Thomson's model of the atom could not explain how charge is held on electrons within the atom. Nor could it explain the stability of an atom. The theory did not mention anything about the nucleus of the atom.

-Most of the atomic mass is concentrated in the nucleus, larger and heavier than the rest of the particles, and endowed with a positive electric charge.
-Around the nucleus and at great distances from it are electrons, with a negative electrical charge, which orbit it in circular paths.
-The sum of the positive and negative electrical charges of an atom should give zero as a result, that is, they should be equal, so that the atom is electrically neutral.

-It was not possible to explain how it was possible for a set of positive charges to remain united in the atomic nucleus, since they should repel each other, since they are all charges of the same sign.
-The stability of the atom could not be explained, because when considering the negatively charged electrons that revolve around the positive nucleus, at some point these electrons must lose energy and collapse against the nucleus.

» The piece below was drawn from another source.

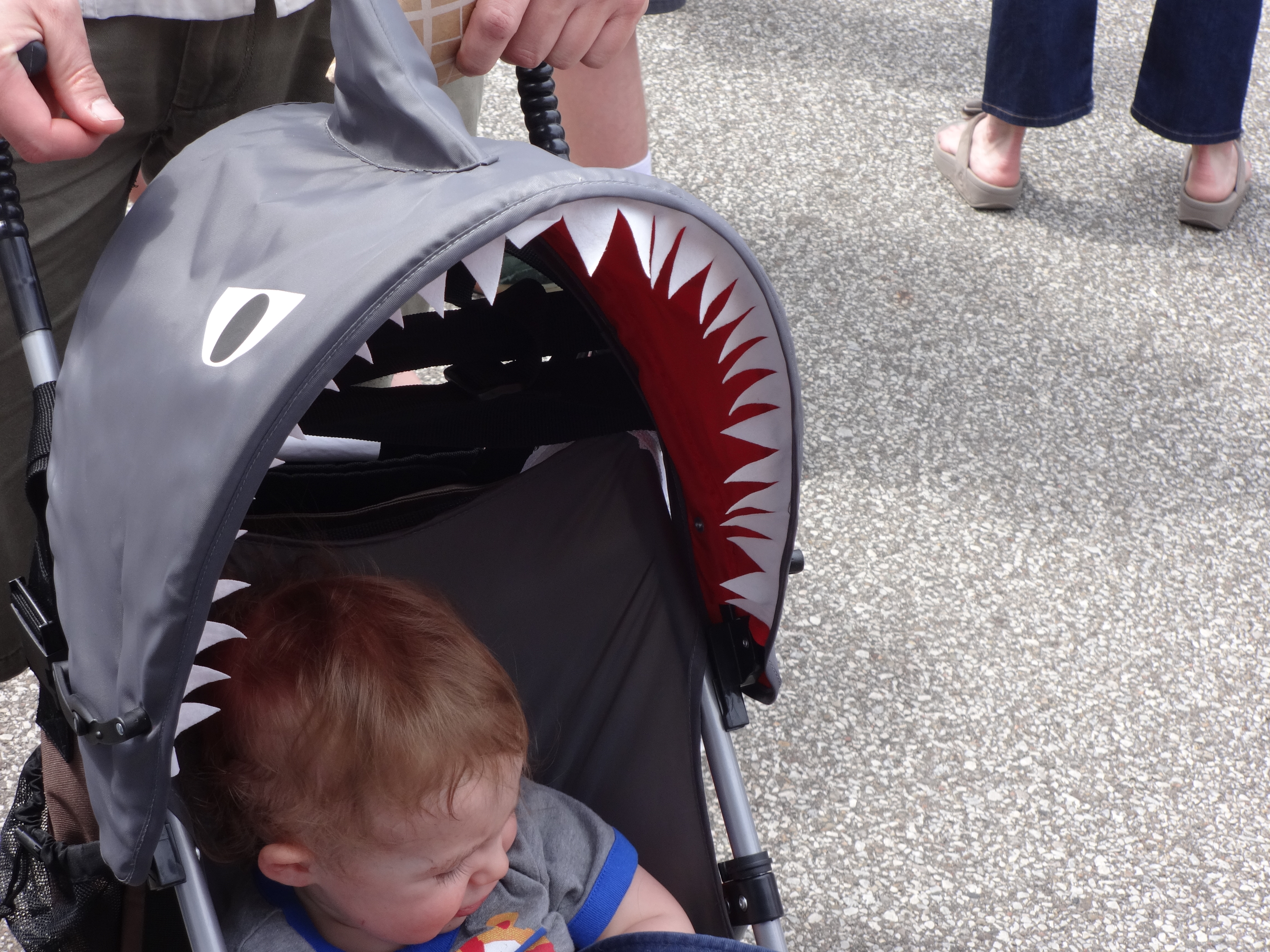 A poor child being devoured by a shark.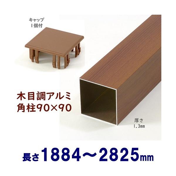 アルミ角柱 木目調 90角L2825mm 厚み1.3mm チーク キャップ1個付 支柱 角パイプ

Rutherford proposed that atoms have a nucleus where the greatest percentage of their mass is found. According to this theory, this nucleus has a positive electrical charge and is orbited by particles of opposite charge and smaller size (electrons). he experimented with several thin sheets of gold that would be bombarded in the laboratory with helium nuclei (alpha particles, which have a positive charge), thus measuring the angles of deflection of the particle beam as it passed through the gold.

Bohr creates an atomic model where the electrons will move around the nucleus in circular orbits, as in the solar system. He explain why atoms had characteristic emission spectra, in addition to adding ideas about the photoelectric effect. The atom is considered neutral since it has no electrical charge, and there are equal numbers of protons and neutrons. The electrons are distributed in an orderly manner in different orbits called levels.

The model explained the stability of matter and chemical bond formation. He postulated that each electron rotate around the nucleus in an orbit without emitting radiant energy and this absorption or emission of energy by an atom is done by a change in orbit. If there is energy emission, the electron jumps to a lower energy orbit; but, if it is absorbed, it jumps to a higher energy one. He did not perform any experiments, he drew conclusions by joining the theories of Planck and Rutherford.

-The model worked to understand the functioning of certain types of atoms, such as hydrogen, but not for others with a more complex structure; that is, with a greater number of electrons.
-You were also wrong in assuming that the electrons were in set orbits.
-I do not take into account the wave-particle duality.

-He helped discover quantum physics and the structure of the atom.
-Bohr's model was the first to recognize the concept of quantum mechanics in the electronic structure of a hydrogen atom.
-Described the stability of atoms.
-The non-relativistic quantum Schrödinger model was added to the concept of quantum mechanics.

At that time, it was considered that electrons only revolved in circular orbits around the atomic nucleus, Erwin claimed that electrons could also revolve in more complex elliptical orbits and calculated relativistic effects.

In this model the electrons were originally contemplated as a standing wave of matter whose amplitude decayed very fast when exceeding the atomic radius. Based on Young's experiment demonstrating wave-particle duality, he divided the emission of a light beam passing through a small hole through a camera. The result was that both light beams hit a wall in a dark room. There the interference pattern between the two waves became apparent, showing that light can act as both a particle and a wave.

• It does not take into account the relativistic effects of fast electrons.
• The model also does not take into account electron spin.
• This model cannot explain why an electron in an excited quantum state can decay to a lower energy level if there is a free one.